Confusion about segment addressing - ASM x86 ASM 370

"Krishna" <spamtrap@crayne.org> writes:
> The books say DS is SHIFTED LEFT by 4 bits - giving
>
> 0xB0000 - How? The 'B' bits 1011 will be shifted out leaving
> 0x0000. How is it left shifted and where is it stored - ALL registers
> are only 16 bits - NONE is 20 bits.

It doesn't use registers, it uses an internal 20 bit latch. This
isn't software any more, this is hardware - "shifting" is as easy as
attaching the wires four places over, and they can add more bits as
needed.

Now, if your *program* wants to compute the physical address, that's a
different problem, which *would* be affected by the 16 bit limitation.

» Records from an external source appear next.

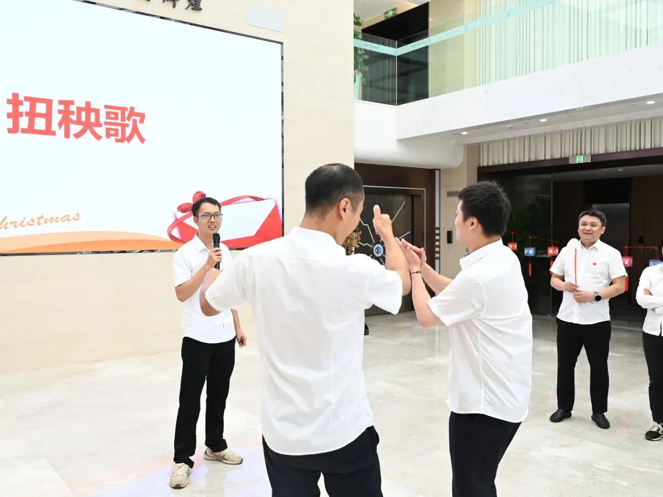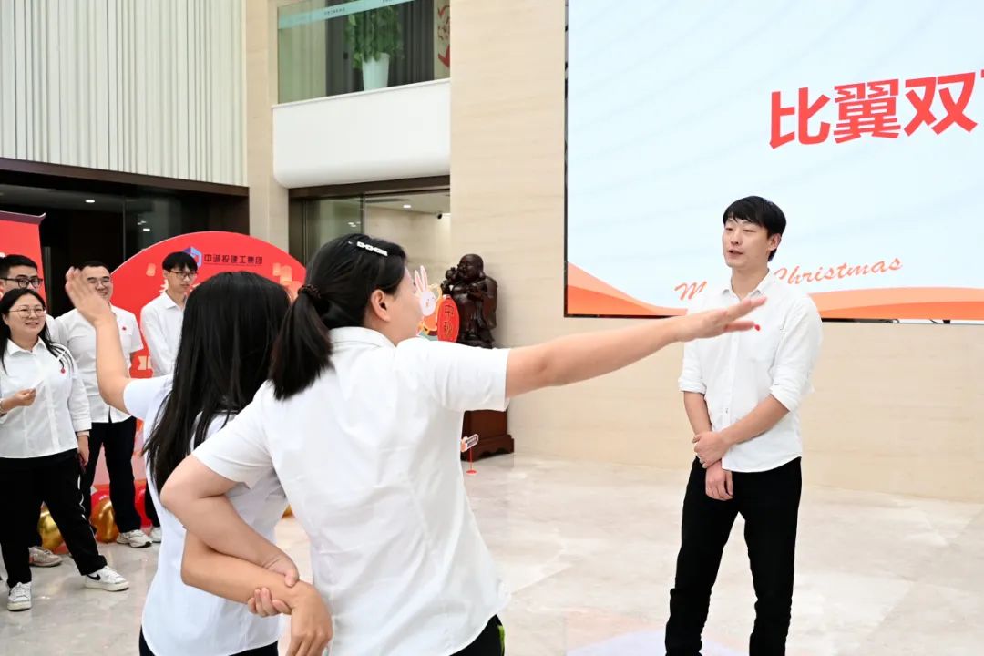 隨后,員工們興致勃勃,紛紛加入趣味游戲比賽。在“心有靈犀”游戲中,各隊伍代表通過形象地比劃、表演,讓隊員猜出屏幕上的成語、詞語,五花八門的動作讓現(xiàn)場人員啼笑皆非,場面熱鬧非凡。
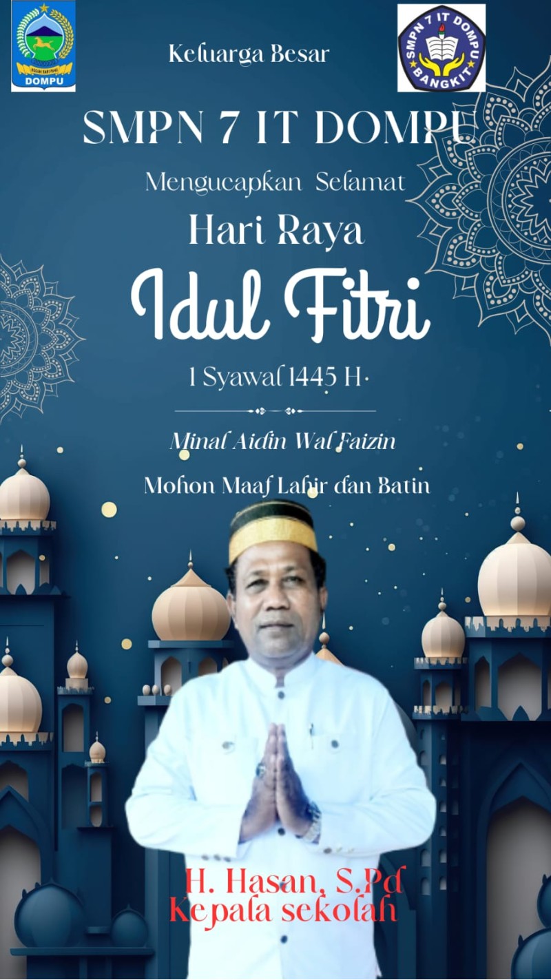Keluarga Besar SMP Negeri 7 IT Dompu mengucapkan selamat Hari Raya Idul Fitri 1 Syawal 1445 H.
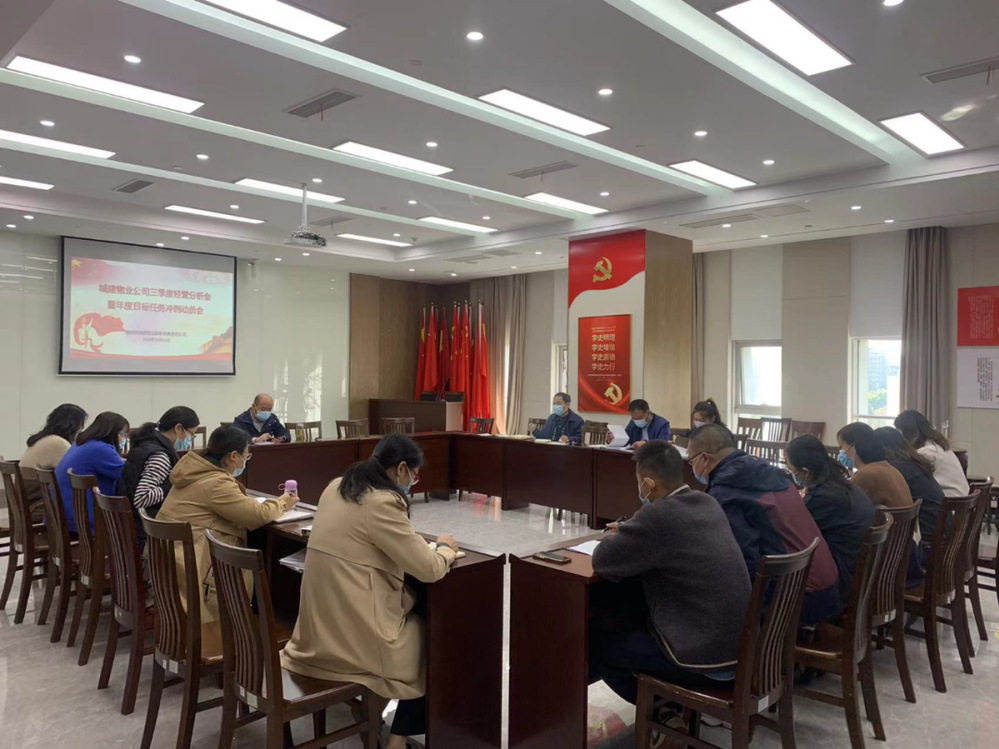 10月12日上午,城建物業(yè)公司召開2022年三季度經(jīng)營分析會。會議回顧總結(jié)了前三季度各服務(wù)項目經(jīng)營情況,客觀分析了當(dāng)前面臨的問題及原因,并對第四季度的重點工作和沖刺全年目標(biāo)任務(wù)進(jìn)行了安排部署。物業(yè)公司分管領(lǐng)導(dǎo)、各項目負(fù)責(zé)人及相關(guān)工作人員參加會議。
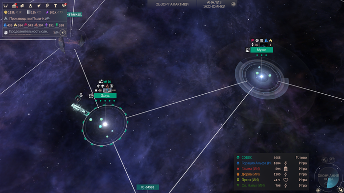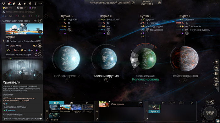 У меня очень много систем, по количеству населения и производство ресурсов, которые дают небольшой выхлоп, несмотря даже на то, что у расы Хранителей, минус к производству к еде.
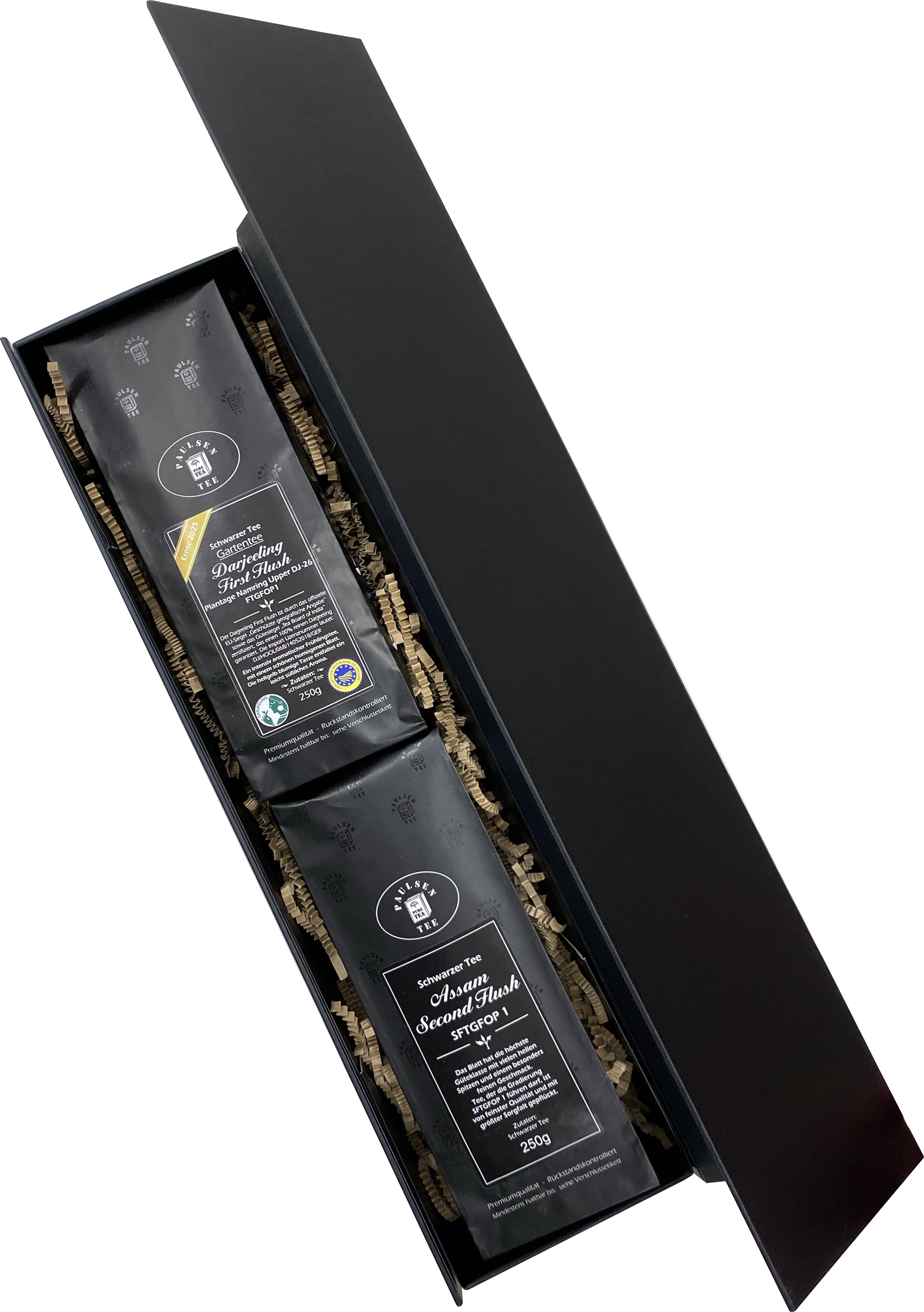 In einem hochwertigen Geschenkkarton mit Magnetverschluss präsentieren wir unseren Darjeeling First Flush von der Plantage Namring Upper, Ernte 2025 und den Assam Second Flush, Ernte 2024.
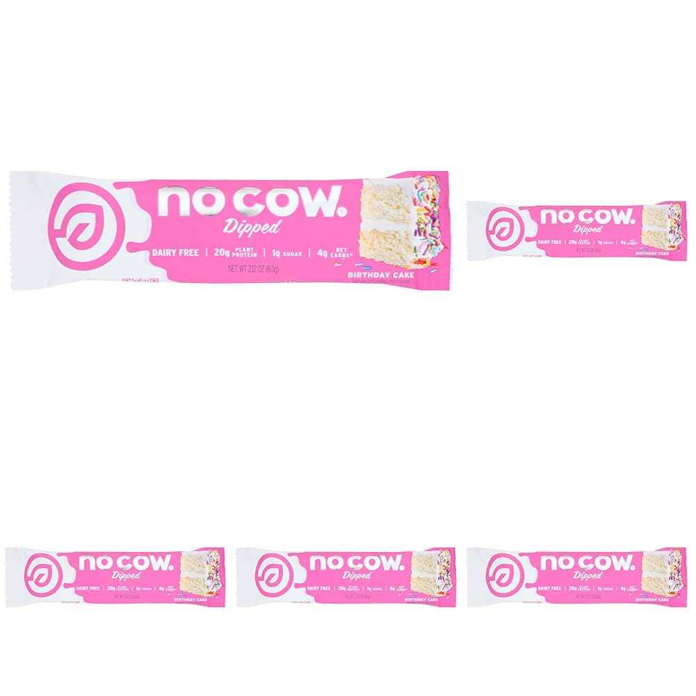 No Cow Protein Bars Birthday Cake 20g Plant Based Vegan Protein Keto Friendly Low Sugar Low Carb Low Calorie Gluten Free Naturally Sweetened Dairy Free Non GMO Kosher 1 Count (Pack of 5)
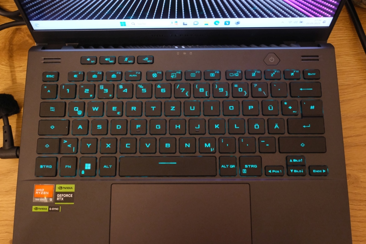 Das ASUS ROG Zephyrus G14 setzt auf eine Chiclet-Tastatur mit einem Tastenhub von rund 1,6 mm, die aufgrund des kompakten Gehäuses allerdings etwas zusammengestaucht werden müsste. Das Schreibgefühl kann auch bei längeren Texten definitiv überzeugen – nur an das gewöhnungsbedürftige Layout muss man sich erst einmal gewöhnen.
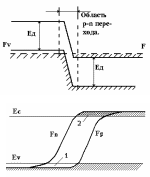 Появление областей 1 и 2, «переполненных» неравновесными носителями, и обуславливает инверсную заселенность, дающую всплеск излучательной рекомбинации, причем с преобладанием вынужденного излучения (тем большего, чем больше доля неравновесных носителей среди всех рекомбинирующих). На границах перехода при инжекции концентрация носителей меняется в 104 раз.
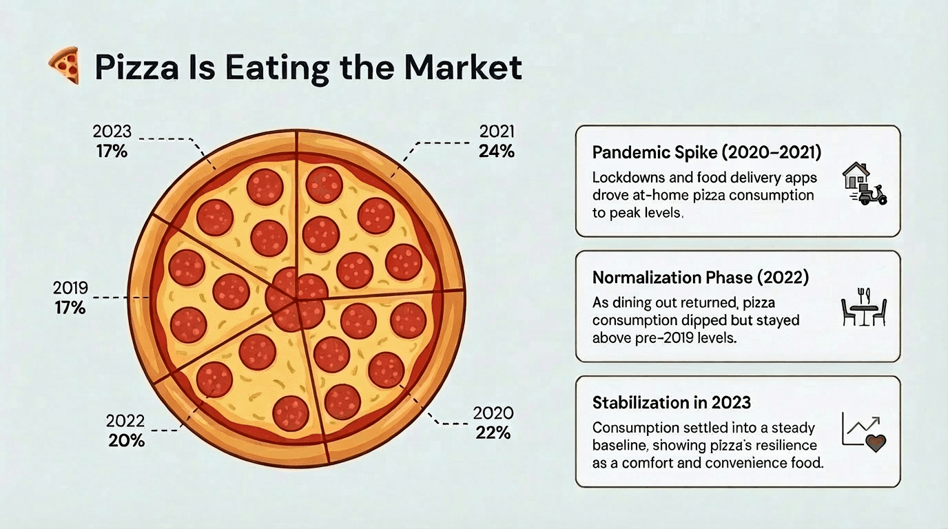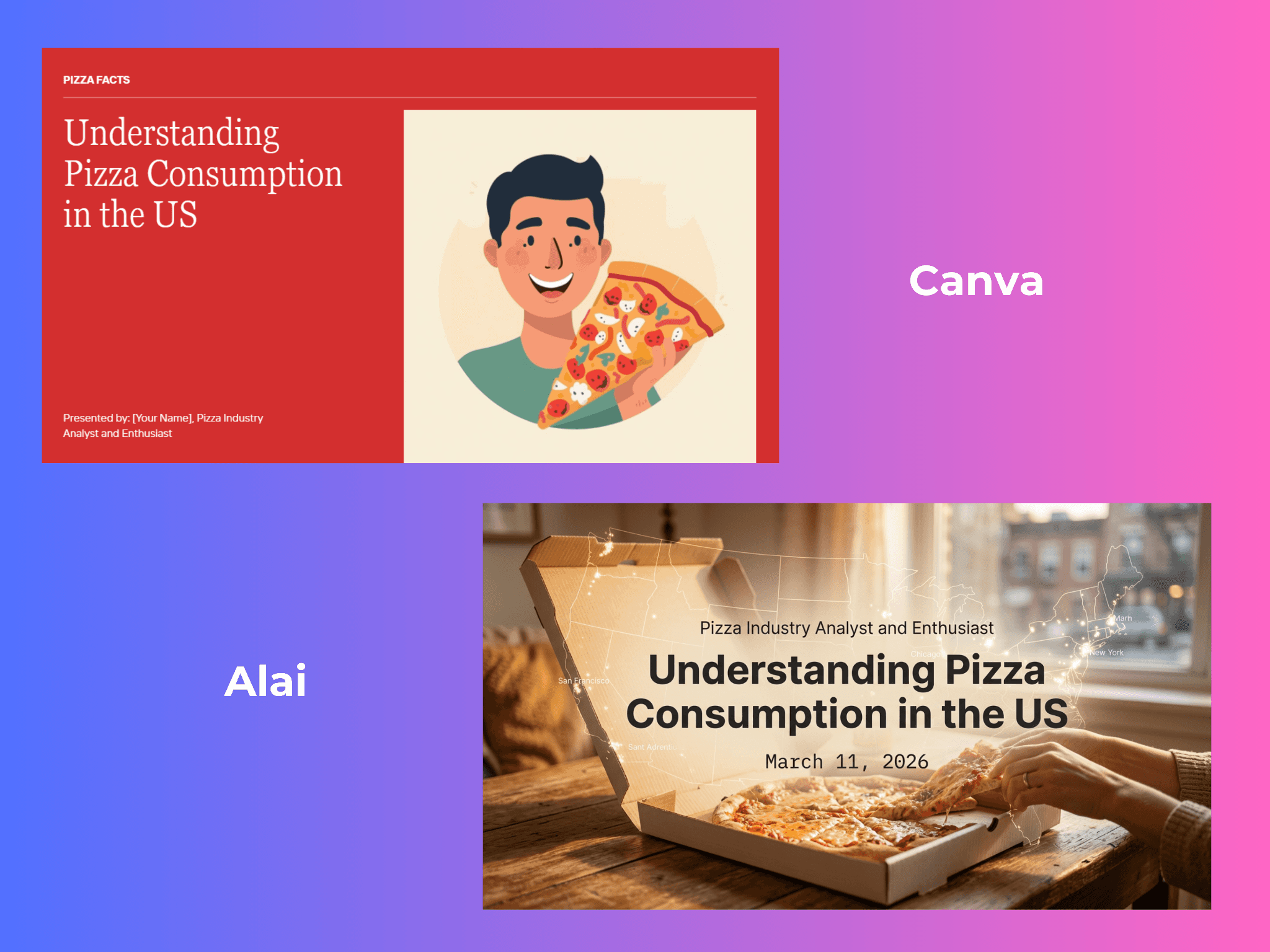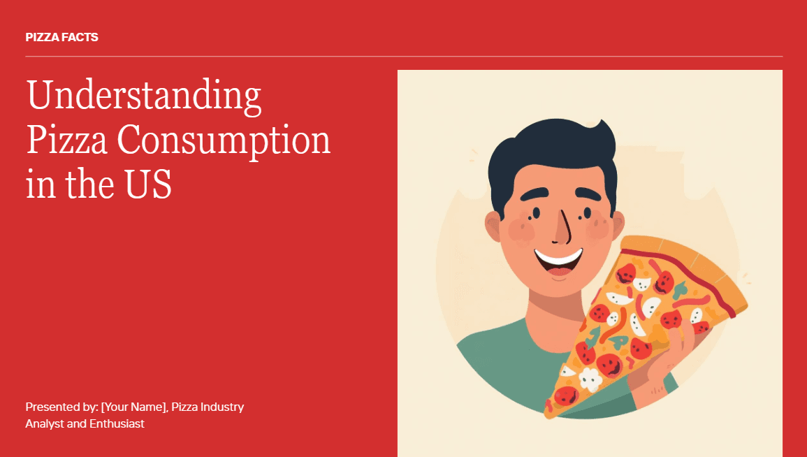 Alai also integrates Nano Banana 2 - arguably the best AI image generation model for presentations right now. You can use it during generation (it's one of the four layout options) or apply it to existing slides for visual polish. As a non-designer, this is one of my favourite features on Alai. The quality of the slides is something I'd never be able to create on my own, and the design pre-sets make it even easier since you don't need to figure out the right prompt to get good results. Look at what I created just by prompting the AI with 'Create a slide on USA Pizza Consumption, add a pie chart made of Pizza'.
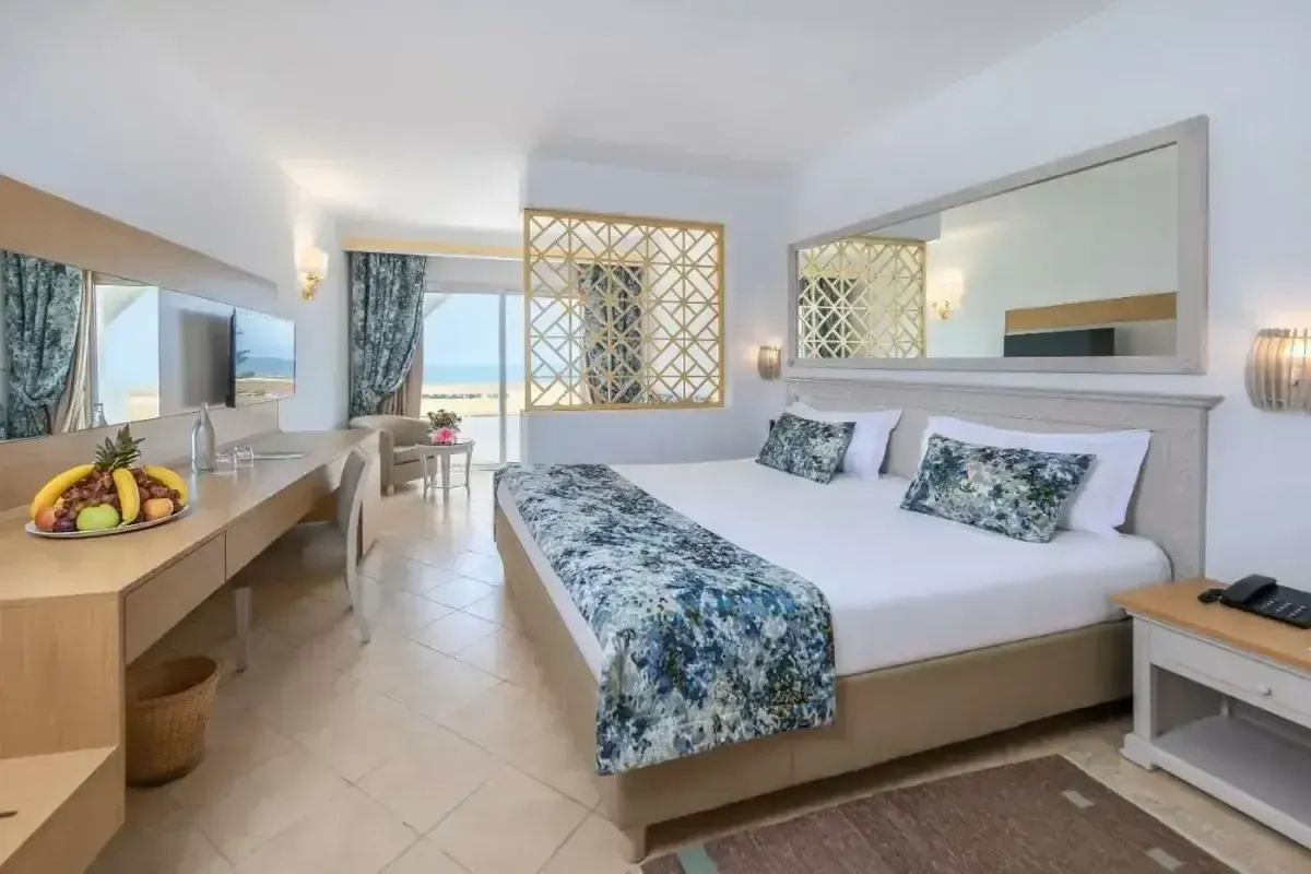 Trūktų renovacijos bendrose patalpose. Loby yra dirbtinių gėlių. Du viešbučiai vienoje teritorijoje. Nesidalina restoranu. Seifas registratūroje. 2 dinarai dienai. A la carte vieną kart savaitėje nemokamai. Sauna, hamamas ir sporto salė įskaičiuota į AI. Kambariai tvarkingi. Trečia lova - normali. Labai žalia teritorija - kaip parkas. Pirma linija, paplūdimys geras. Yra keli vandens kalneliai.

> This Addition take place? Where is the 20 bit 0x B0000 stored??

In a 20 bit hardware latch.

> How does this left shift take place,

The 16 wires are connected to inputs 4..19 of an internal 20 bit
adder.

> I think it gives 0000 instead of B0000

Obviously, it doesn't, since the chip works.

> Secondly, where does the addition take place ? In some kind of
> circuit? -which outputs directly to the address bus?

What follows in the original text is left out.